The Government has unveiled a £10m initiative that aims to make data held by Whitehall departments and public bodies work to the “commercial advantage” of the private sector.

The “Open Data Institute” (ODI) will help industry “exploit the opportunities” created from opening access to public datasets on transport, weather and health.

In the autumn statement on the economy unveiled today (29 November), the Treasury says it is hoped the ODI will “catalyse new markets and innovative products and services as well as improving standards and transparency in public services.”

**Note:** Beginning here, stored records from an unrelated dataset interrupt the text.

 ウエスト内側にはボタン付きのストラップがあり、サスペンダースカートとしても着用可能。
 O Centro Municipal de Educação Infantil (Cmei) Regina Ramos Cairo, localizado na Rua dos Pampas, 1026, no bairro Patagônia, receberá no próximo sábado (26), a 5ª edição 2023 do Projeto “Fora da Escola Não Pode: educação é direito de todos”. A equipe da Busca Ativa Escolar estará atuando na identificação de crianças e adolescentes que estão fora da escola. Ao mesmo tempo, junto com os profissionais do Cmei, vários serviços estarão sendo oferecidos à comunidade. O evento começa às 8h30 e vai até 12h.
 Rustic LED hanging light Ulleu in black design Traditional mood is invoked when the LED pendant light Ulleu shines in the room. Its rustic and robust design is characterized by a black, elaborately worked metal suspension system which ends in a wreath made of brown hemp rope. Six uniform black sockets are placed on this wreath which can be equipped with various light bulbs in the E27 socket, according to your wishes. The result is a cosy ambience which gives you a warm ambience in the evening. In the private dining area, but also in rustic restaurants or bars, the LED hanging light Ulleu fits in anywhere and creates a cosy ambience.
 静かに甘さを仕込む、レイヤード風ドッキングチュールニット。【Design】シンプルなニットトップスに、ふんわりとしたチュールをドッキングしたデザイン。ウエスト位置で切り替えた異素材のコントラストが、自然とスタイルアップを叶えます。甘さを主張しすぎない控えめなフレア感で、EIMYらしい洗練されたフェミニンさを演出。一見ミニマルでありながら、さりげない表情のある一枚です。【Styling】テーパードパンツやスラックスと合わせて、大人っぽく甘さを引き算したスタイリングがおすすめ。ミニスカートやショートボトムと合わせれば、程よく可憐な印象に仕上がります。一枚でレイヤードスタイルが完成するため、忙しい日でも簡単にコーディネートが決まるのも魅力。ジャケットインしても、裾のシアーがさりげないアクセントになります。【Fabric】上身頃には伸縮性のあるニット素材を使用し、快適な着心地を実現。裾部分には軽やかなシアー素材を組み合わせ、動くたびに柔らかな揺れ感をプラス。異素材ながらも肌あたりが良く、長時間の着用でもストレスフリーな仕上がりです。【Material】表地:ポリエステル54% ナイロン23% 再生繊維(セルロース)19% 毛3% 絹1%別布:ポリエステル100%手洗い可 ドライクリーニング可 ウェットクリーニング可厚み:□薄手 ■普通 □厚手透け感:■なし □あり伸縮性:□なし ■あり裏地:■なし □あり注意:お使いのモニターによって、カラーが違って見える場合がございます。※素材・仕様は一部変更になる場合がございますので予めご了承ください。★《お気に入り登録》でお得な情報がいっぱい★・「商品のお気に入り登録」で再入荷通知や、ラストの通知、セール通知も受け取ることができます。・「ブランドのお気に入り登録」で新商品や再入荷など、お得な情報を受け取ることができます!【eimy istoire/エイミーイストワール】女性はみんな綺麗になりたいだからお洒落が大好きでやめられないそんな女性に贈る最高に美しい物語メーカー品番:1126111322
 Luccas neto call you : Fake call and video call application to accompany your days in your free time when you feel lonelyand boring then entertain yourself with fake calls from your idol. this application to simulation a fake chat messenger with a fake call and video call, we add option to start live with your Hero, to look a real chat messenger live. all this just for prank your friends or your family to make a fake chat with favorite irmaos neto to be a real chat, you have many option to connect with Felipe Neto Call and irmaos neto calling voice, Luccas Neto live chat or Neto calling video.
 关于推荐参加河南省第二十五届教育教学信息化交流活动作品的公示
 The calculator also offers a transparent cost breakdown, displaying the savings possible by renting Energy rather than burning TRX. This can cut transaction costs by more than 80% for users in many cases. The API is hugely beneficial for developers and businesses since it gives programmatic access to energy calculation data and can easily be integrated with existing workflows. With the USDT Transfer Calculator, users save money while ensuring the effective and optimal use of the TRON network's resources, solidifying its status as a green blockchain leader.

The institute, which will be co-directed by Professor Tim Berners-Lee and Professor Nigel Shadbolt, is part of the government’s “Open Data” policy. Other measures taken include The Department for Business, Innovation and Skills backed “midata” initiative that will allow consumers instant digital access to the information collected by brands for marketing purposes.

Announcement of the ODI was one of several initiatives unveiled by the Chancellor in a bid to revive the flagging economy.

Cost cutting measures include a 1% cap on public sector pay rises for two years after the end of current freeze in 2013 and higher than forecast public sector job cuts.

The Chancellor announced a £30bn infrastructure building project and a scheme to boost lending to small firms earlier this week. 

The UK economy will grow by 0.9% this year, according to the government’s Office of Budget Responsibility, down from the 1.7% previously predicted. Real household income is likely to fall by 2.3% this year, the OBR adds, said to be the highest annual income drop since 1945.

The gloomy prediction follows the OECD forecast yesterday (28 November) that said UK economic output would fall by 0.1% in the fourth quarter and 0.6% in the first quarter of 2012, plunging the country into a technical recession after two consecutive quarters of negative growth.